_Data to use_.
*** Block opens ***

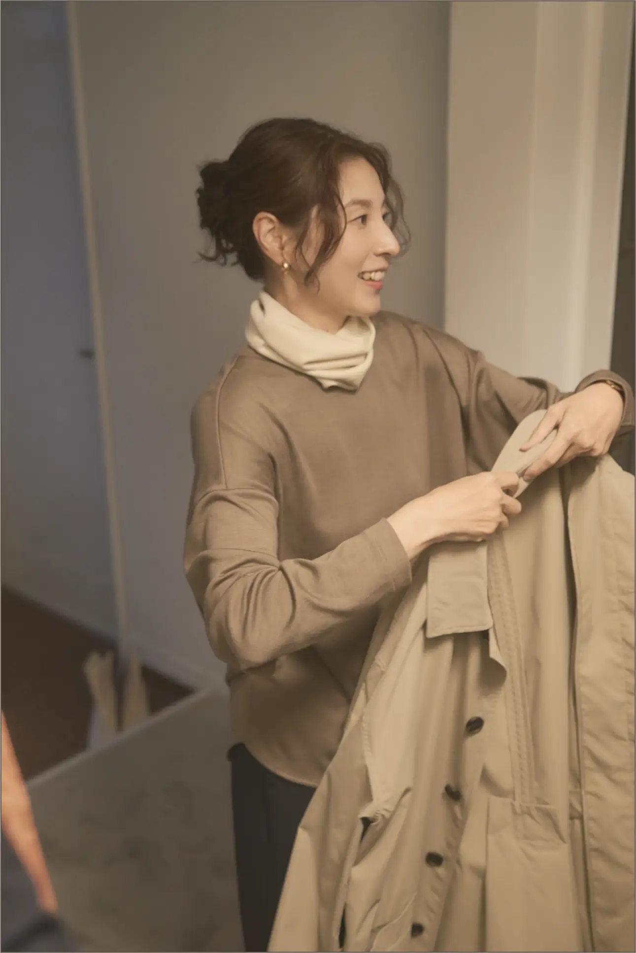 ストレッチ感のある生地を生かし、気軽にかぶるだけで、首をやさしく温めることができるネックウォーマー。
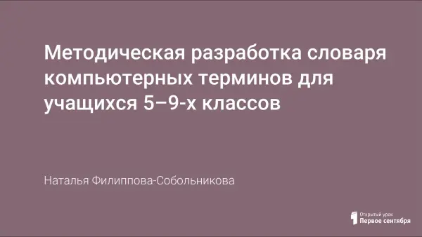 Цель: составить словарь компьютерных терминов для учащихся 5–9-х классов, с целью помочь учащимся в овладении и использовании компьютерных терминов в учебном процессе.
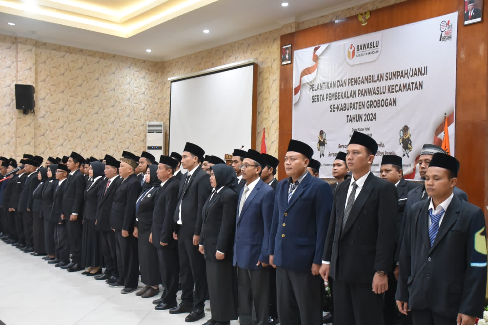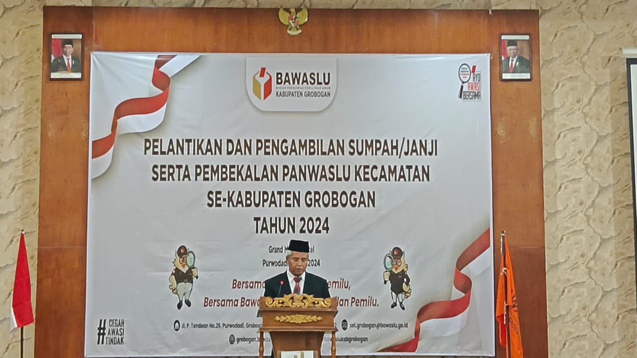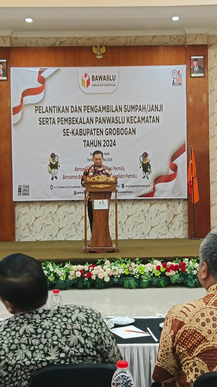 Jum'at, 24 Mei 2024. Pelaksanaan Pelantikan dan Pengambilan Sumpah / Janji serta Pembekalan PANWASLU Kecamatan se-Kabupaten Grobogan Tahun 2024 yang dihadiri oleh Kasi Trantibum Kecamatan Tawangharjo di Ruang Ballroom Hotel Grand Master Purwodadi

*** Block closes ***
*** Block opens ***

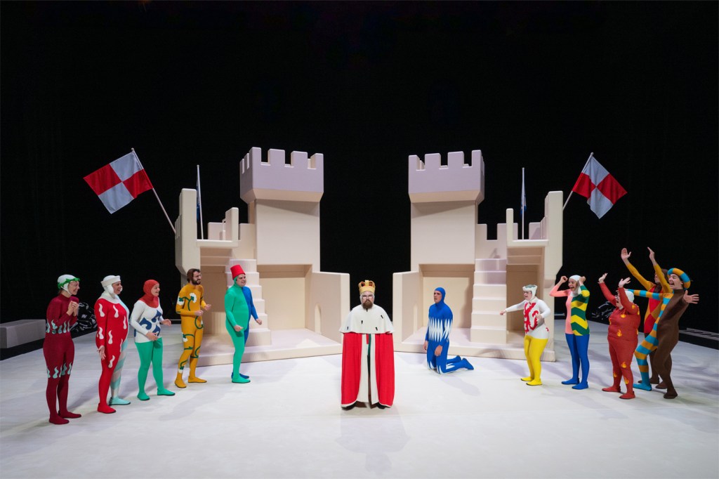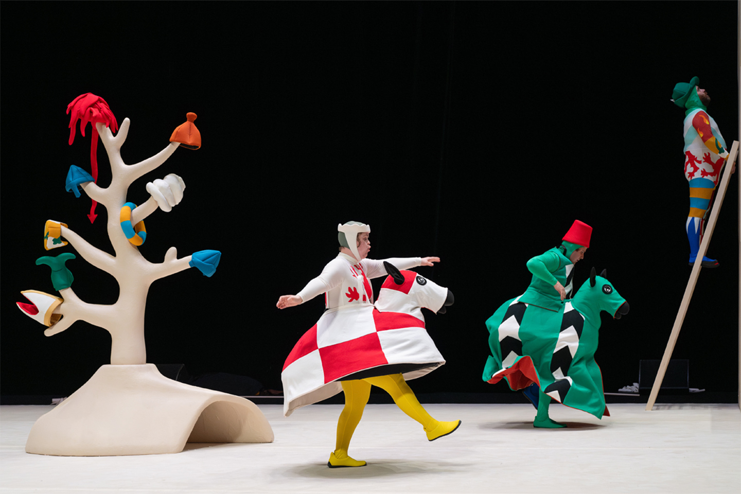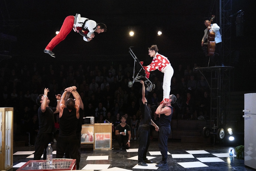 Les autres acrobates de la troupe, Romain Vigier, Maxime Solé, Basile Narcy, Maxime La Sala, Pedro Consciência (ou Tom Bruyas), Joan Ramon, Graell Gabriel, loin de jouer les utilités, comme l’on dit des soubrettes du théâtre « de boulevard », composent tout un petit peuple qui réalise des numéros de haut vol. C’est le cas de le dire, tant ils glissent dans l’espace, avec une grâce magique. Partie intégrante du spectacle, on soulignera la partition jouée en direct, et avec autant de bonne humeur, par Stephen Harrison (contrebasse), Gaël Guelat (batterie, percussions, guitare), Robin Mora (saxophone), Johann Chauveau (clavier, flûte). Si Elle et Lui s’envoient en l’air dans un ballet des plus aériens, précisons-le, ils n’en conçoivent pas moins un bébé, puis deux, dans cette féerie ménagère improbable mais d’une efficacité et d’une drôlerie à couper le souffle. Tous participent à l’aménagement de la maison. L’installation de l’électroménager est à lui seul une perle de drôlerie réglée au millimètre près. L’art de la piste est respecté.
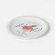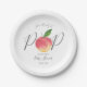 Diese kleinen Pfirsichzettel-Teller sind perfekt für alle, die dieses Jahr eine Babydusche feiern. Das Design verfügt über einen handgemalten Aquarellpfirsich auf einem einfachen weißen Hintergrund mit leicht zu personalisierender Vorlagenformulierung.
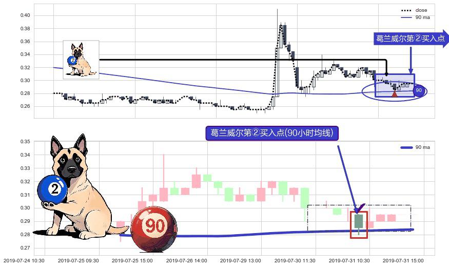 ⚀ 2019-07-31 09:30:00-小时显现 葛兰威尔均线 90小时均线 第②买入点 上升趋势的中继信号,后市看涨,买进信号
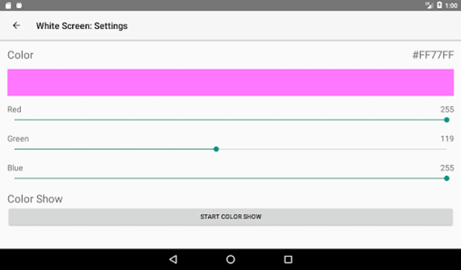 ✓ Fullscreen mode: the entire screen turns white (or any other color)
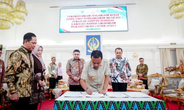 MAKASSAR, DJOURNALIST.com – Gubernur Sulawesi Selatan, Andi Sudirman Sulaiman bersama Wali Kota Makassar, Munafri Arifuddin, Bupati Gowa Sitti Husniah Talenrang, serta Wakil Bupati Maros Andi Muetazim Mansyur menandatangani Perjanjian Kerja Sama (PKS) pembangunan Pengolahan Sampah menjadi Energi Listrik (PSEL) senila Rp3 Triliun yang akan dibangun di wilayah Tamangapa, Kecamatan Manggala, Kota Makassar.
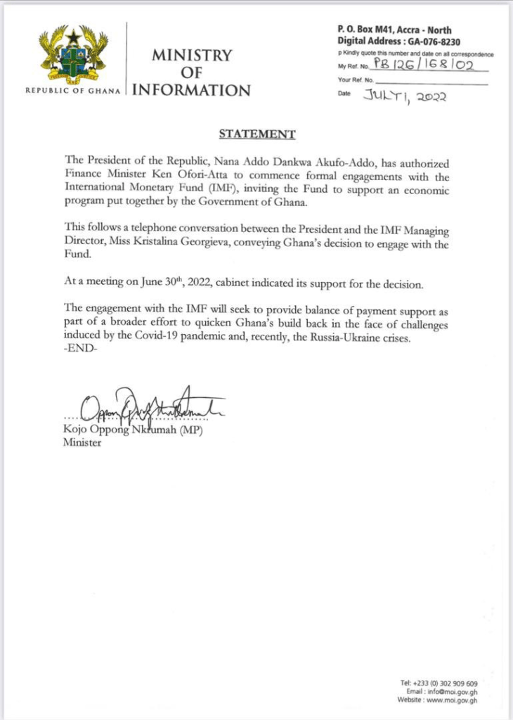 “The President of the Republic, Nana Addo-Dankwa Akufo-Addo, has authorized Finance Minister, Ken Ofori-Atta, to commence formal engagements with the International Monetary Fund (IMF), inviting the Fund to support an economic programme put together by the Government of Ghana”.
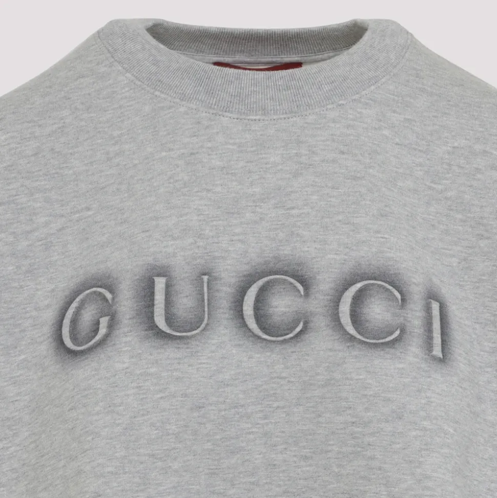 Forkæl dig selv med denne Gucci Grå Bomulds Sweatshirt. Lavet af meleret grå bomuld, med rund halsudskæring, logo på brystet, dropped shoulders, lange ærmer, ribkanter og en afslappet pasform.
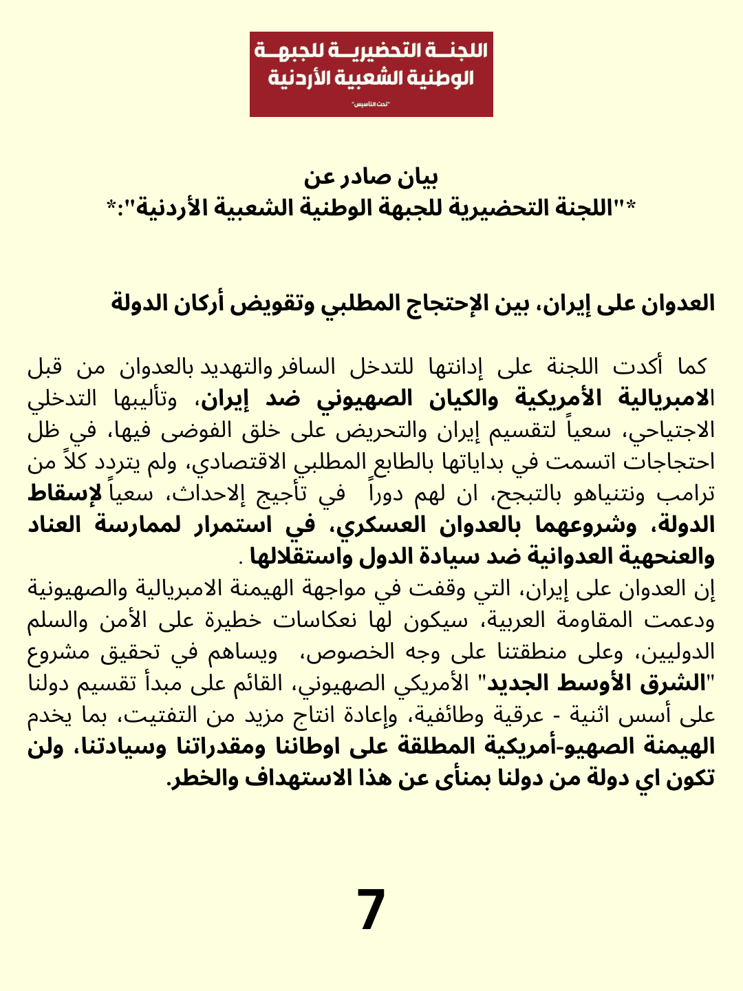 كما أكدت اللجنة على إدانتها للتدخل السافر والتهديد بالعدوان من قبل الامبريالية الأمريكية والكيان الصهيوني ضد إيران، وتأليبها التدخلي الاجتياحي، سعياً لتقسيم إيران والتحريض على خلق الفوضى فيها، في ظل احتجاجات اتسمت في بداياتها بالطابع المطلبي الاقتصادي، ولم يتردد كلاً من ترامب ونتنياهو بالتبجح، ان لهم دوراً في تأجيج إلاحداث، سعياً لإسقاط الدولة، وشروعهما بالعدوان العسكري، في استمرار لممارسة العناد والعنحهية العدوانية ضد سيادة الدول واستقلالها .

*** Block closes ***

_Task goal_. From the listing above, restate verbatim the lines running from the one with "Diese kleinen Pfirsichzettel-Teller" through the one with "MAKASSAR, DJOURNALIST.com –", inclusive, but not the pictures.

_Solved exercise_.
 Diese kleinen Pfirsichzettel-Teller sind perfekt für alle, die dieses Jahr eine Babydusche feiern. Das Design verfügt über einen handgemalten Aquarellpfirsich auf einem einfachen weißen Hintergrund mit leicht zu personalisierender Vorlagenformulierung.
 ⚀ 2019-07-31 09:30:00-小时显现 葛兰威尔均线 90小时均线 第②买入点 上升趋势的中继信号,后市看涨,买进信号
 ✓ Fullscreen mode: the entire screen turns white (or any other color)
 MAKASSAR, DJOURNALIST.com – Gubernur Sulawesi Selatan, Andi Sudirman Sulaiman bersama Wali Kota Makassar, Munafri Arifuddin, Bupati Gowa Sitti Husniah Talenrang, serta Wakil Bupati Maros Andi Muetazim Mansyur menandatangani Perjanjian Kerja Sama (PKS) pembangunan Pengolahan Sampah menjadi Energi Listrik (PSEL) senila Rp3 Triliun yang akan dibangun di wilayah Tamangapa, Kecamatan Manggala, Kota Makassar.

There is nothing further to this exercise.